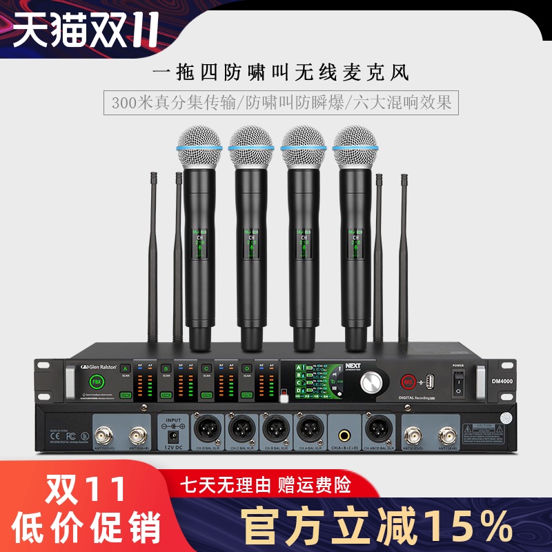 无线一拖四麦克风动圈大音量舞台ktv防啸叫户外家庭功放万能话筒
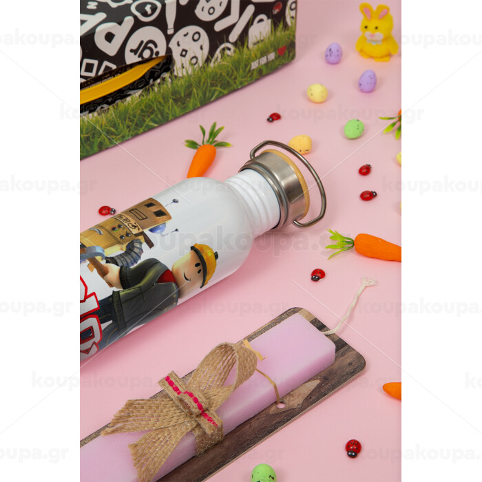 Roblox, Πασχαλινή Λαμπάδα με παγούρι μεταλλικό (620ml, stainless steel) & κερί αρωματικό πλακέ (30cm) (ΡΟΖ)
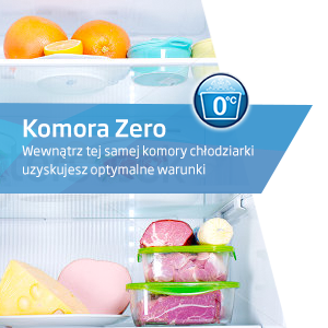 Komora zero To jedna lub dwie półki w części chłodzącej tuż nad szufladami na warzywa i owoce, do których nawiewane jest chłodzone powietrze w taki sposób, aby wewnątrz panowała temperatura ok 0˚C. Tutaj warto przechowywać produkty, które lubią niską temperaturę: świeże mięso, świeże ryby, nabiał czy wędliny. Dodatkowo zapewnia ona znacznie wyższy poziom wilgoci niż na innych półkach wewnątrz chłodziarki. Panują tam optymalne warunki do przechowywania np. surowego mięsa czy ryby. Korzyść: Wewnątrz tej samej komory chłodziarki uzyskujesz optymalną temperaturę i wilgotność idealną do przechowywania np. surowego mięsa czy ryby. Twoja ryba i mięso będą soczyste i długo świeże, a zapachy nie będą przedostawać się do innych części chłodziarki. |

● EXERCISE INSTRUCTIONS
In copying the listing, reproduce each line exactly and omit the pictures.

● ANSWER
 无线一拖四麦克风动圈大音量舞台ktv防啸叫户外家庭功放万能话筒
 Roblox, Πασχαλινή Λαμπάδα με παγούρι μεταλλικό (620ml, stainless steel) & κερί αρωματικό πλακέ (30cm) (ΡΟΖ)
 Komora zero To jedna lub dwie półki w części chłodzącej tuż nad szufladami na warzywa i owoce, do których nawiewane jest chłodzone powietrze w taki sposób, aby wewnątrz panowała temperatura ok 0˚C. Tutaj warto przechowywać produkty, które lubią niską temperaturę: świeże mięso, świeże ryby, nabiał czy wędliny. Dodatkowo zapewnia ona znacznie wyższy poziom wilgoci niż na innych półkach wewnątrz chłodziarki. Panują tam optymalne warunki do przechowywania np. surowego mięsa czy ryby. Korzyść: Wewnątrz tej samej komory chłodziarki uzyskujesz optymalną temperaturę i wilgotność idealną do przechowywania np. surowego mięsa czy ryby. Twoja ryba i mięso będą soczyste i długo świeże, a zapachy nie będą przedostawać się do innych części chłodziarki. |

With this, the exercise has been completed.